Correspondence between Leni Yahil and Hannah Arendt

The letters between the Holocaust historian Leni Yahil and Hannah Arendt were just translated into English. They reveal yet another friend that Arendt lost in her coverage of the Eichmann trial. There are a numbers of gems in the letters- here is one.

Arendt saw the State of Israel and Golda Meir as having what Heine called an idolatrous version of monotheism in which the state represents God, rather than recognizing that every person is in the image of God. (Chief Rabbi Sacks quotes this line of Heine in several places.)

What terrifies me is simply that this people, which when all is said and done has after all believed for several thousand years in the God of justice, is starting now to cling to what in its religion Heine rightly called the unhealthy faith of ancient Egypt, because it helps them “believe in the Jewish People,² in other words, in itself. And this, if I may say so, is real idol worship. However pleasant the idol worshipers may be, as your friend[Golda Meir] is and was.

Yahil responds to the charge, yet still acknowledges the problems of justice in the new state.

1) It is the nature of idol worship – if I am not mistaken in my view – for man to project externally certain spiritual-mental realities [gegebene geistig-seelische Realitäten] which exist in him and in doing so make them absolute, in order in this way, as you also say, to achieve the desired self-affirmation. In this fashion the idol worshipper increases his self-confidence to the extent that he feels necessary in order to ensure that his actions will succeed (the “blessing of the gods”). It is precisely this undertaking that is taken ad absurdum in the famous scene between Elijah and the priests of Baal (I Kings 18). Just as the next chapter portrays the real relationship between the one that you call the “God of Justice” and man.

2) The danger of such idol worship exists on every level of human ideas. In our modern world, it is no less present in any “belief in the Jewish People” than, say, the postulate of abstract, intellectual or material values. This in no way detracts from the reality-based content and legitimacy of each of them, as long as they are not “idolized.” In other words, the decisive thing is not the “what,” but the “how” (see also the example of Elijah: the two bullocks which are sacrificed are exactly the same; in one case we have idolatry [Götzendienst], in the other case divine worship [Gottesdienst]).

3) If there is a single person (among those whom I know in this category) who does not cross this boundary, it is this very woman [Golda Meir] to whom you referred as my friend, a term I would not presume to use. In my opinion it is precisely this fact – the ability not to exceed the area of the powers laid down for an individual in his actions and thoughts – that explains this woman’s special and unvarying effect on people, irrespective of their skin color, culture or intellectuality… The attitude that she defended that evening when she was with us is a direct upshot of her desire not to coin new rules arbitrarily.

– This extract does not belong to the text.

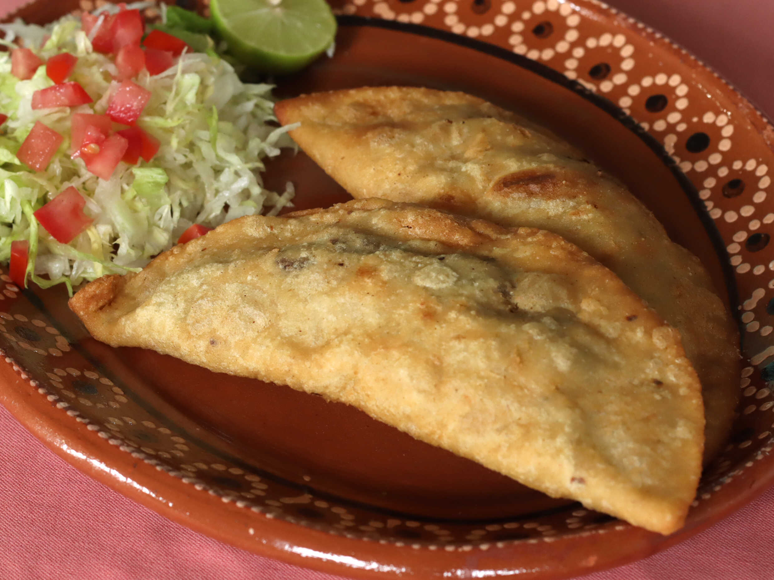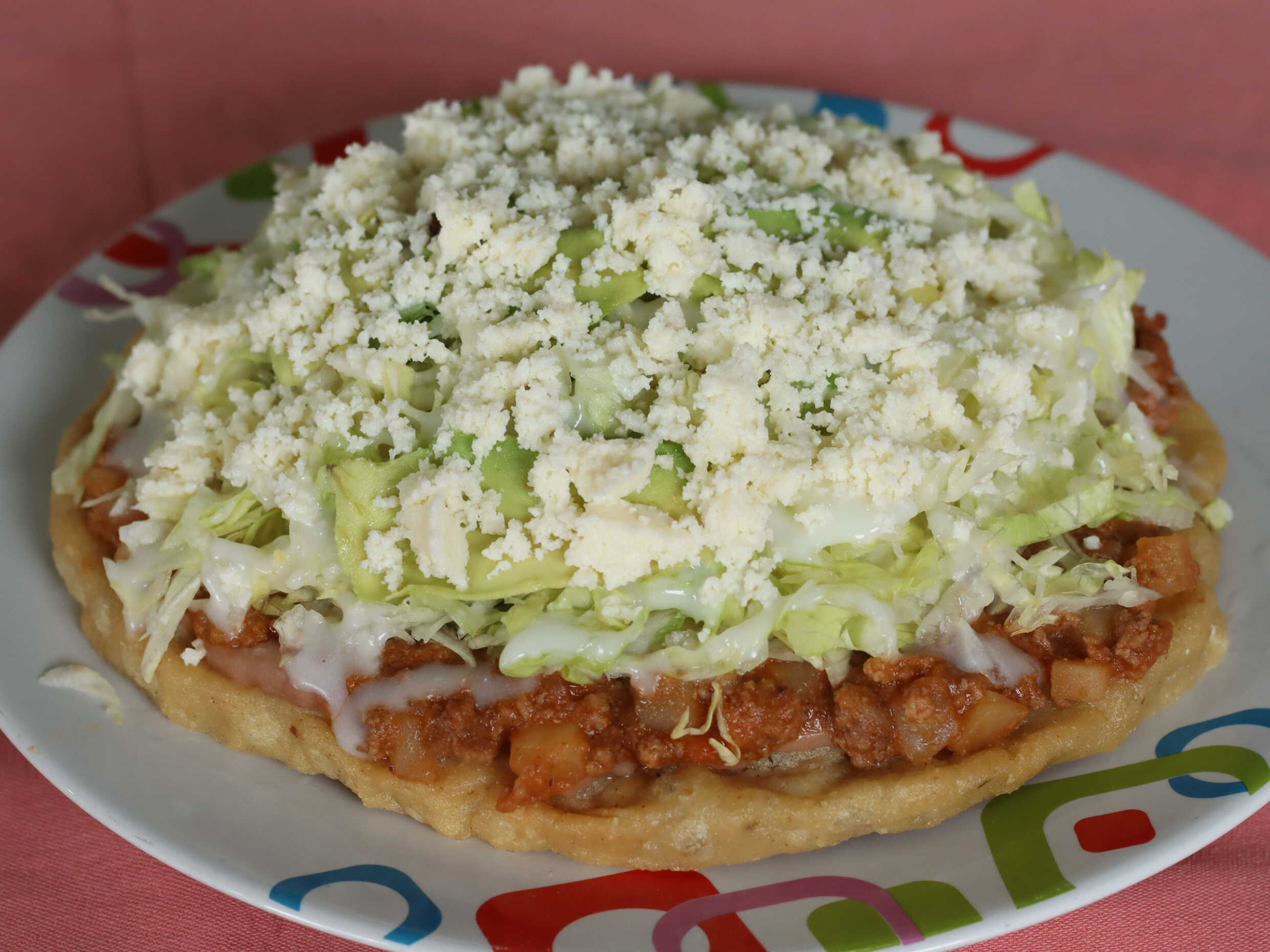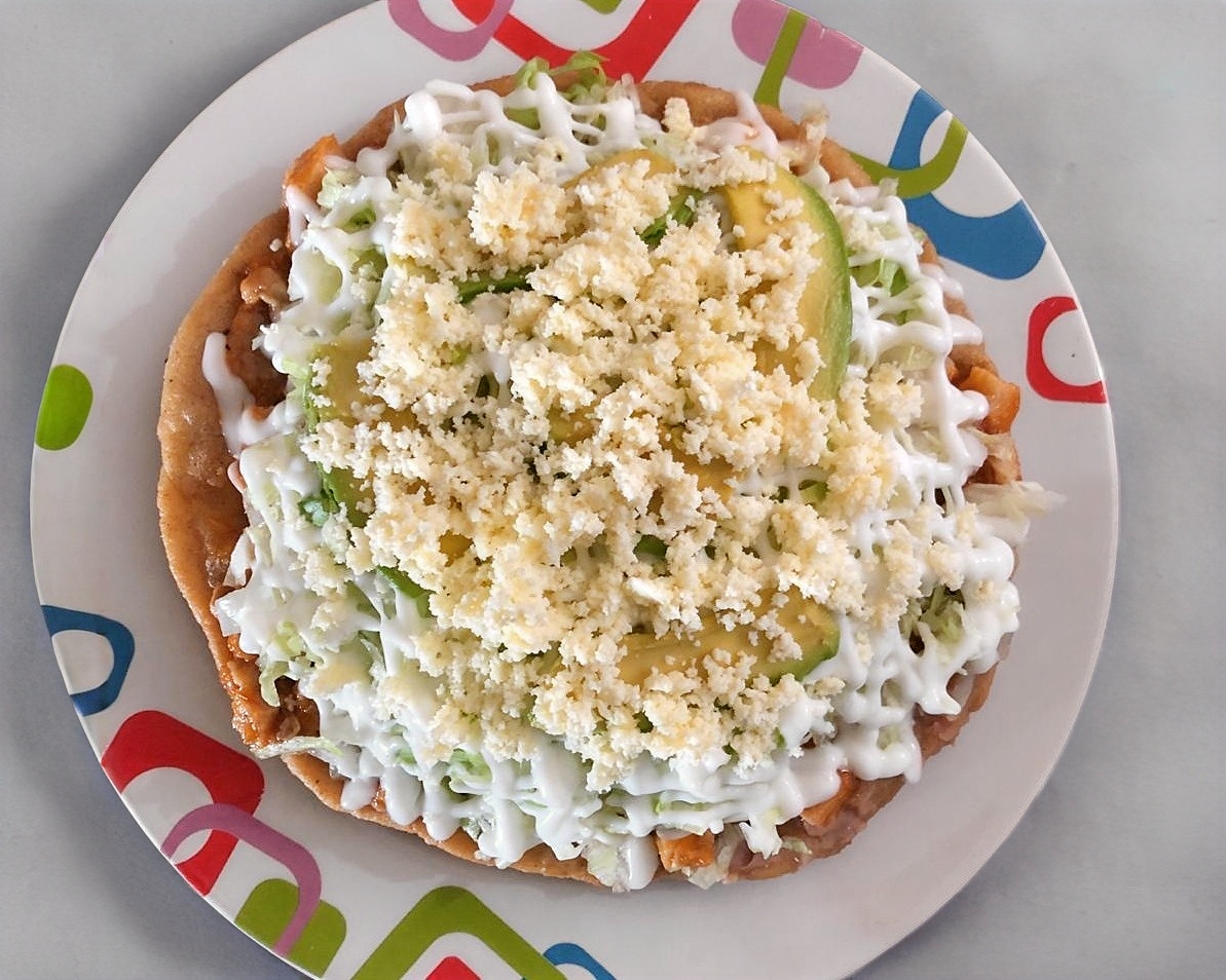 Tortilla de masa semicruda que se sumerge en aceite para terminar su cocción y dorarse. Lleva una cama de frijoles, el guiso de su elección, lechuga fresca, queso, crema y aguacate. Ideal para una persona.

4) The problem, that the role that has been played by the “God of Justice” (or the merciful [God]) in the Western world has been shattered, is not a specifically Jewish problem, although – due to the special religious and historical circumstances – it does admittedly have a specifically Jewish expression. Everywhere the strange question is asked, about man no longer being created in God’s image, but God in the image of man. I don’t really think that I need to explain to you that in this situation, there is little that we can do other than to delve into man’s situation – The Human Condition[6] – as faithfully and dispassionately as possible, without anyone today probably being able to give a satisfactory intellectual, let alone a religious answer. I cannot think of a single example where in any other religion consequently part of its rules or institutions were given up – without anybody taking this amissŠ I admit, that with us [the Jews], things are more complicated. But the fact that for thousands of years religion was a substitute for a State and as such created institutions which are now coming into conflict with the modern institutions of restored State-level life – this fact alone does not yet entitle us to introduce new rules by force. One cannot leap over one’s past, or alternatively doing so is normally punished very harshly. In addition, it seems to me that Heine of all people is a questionable authority in this area. (Don’t misunderstand me: I agree with you that there are things in this area that make one’s hair stand on end, and we have recently had several examples of this. But force won’t work. As has been said – there is also idol worship of principle.)